- Interactive map of Gmina Somonino
- Coordinates (Somonino): 54°16′36″N 18°11′56″E﻿ / ﻿54.27667°N 18.19889°E
- Country: Poland
- Voivodeship: Pomeranian
- County: Kartuzy
- Seat: Somonino

Area
- • Total: 112.27 km^{2} (43.35 sq mi)

Population (2006)
- • Total: 9,214
- • Density: 82.07/km^{2} (212.6/sq mi)
- Website: https://www.somonino.pl

= Gmina Somonino =

Gmina Somonino (Somònino) is a rural gmina (administrative district) in Kartuzy County, Pomeranian Voivodeship, in northern Poland. Its seat is the village of Somonino, which lies approximately 7 km south of Kartuzy and 30 km west of the regional capital Gdańsk.

The gmina covers an area of 112.27 km2, and as of 2006 its total population is 9,214.

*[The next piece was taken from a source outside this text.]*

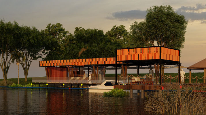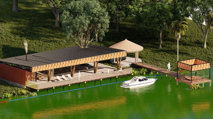 Este espacio se concibe como un pabellón recreativo abierto al paisaje, diseñado para integrarse con el agua, la vegetación y la vida social del entorno. La arquitectura se resuelve a partir de una estructura liviana y horizontal que extiende la cubierta sobre plataformas y terrazas, generando sombra, continuidad visual y una relación directa con el borde del lago.

The gmina contains part of the protected area called Kashubian Landscape Park.

==Villages==
Gmina Somonino contains the villages and settlements of Borcz, Borcz-Leśniczówka, Chylowa Huta, Dębowo, Egiertowo, Goręczyno, Graniczny Dwór, Hopowo, Jeknica, Kamela, Kaplica, Kolańska Huta, Koszowatka, Lisia Góra, Mały Dwór, Nowy Dwór, Ostowo, Ostrzyce, Patoka, Piotrowo, Połęczyno, Pstra Suka, Ramleje, Rąty, Rokitki, Rybaki, Sarni Dwór-Leśniczówka, Sarnówko, Sławki, Sławki Górne, Somonino, Stacja Wieżyca, Starkowa Huta, Stary Dwór, Trątkownica, Wyczechowo and Wyczechowo-Osady.

==Neighbouring gminas==
Gmina Somonino is bordered by the gminas of Kartuzy, Kościerzyna, Nowa Karczma, Przywidz, Stężyca and Żukowo.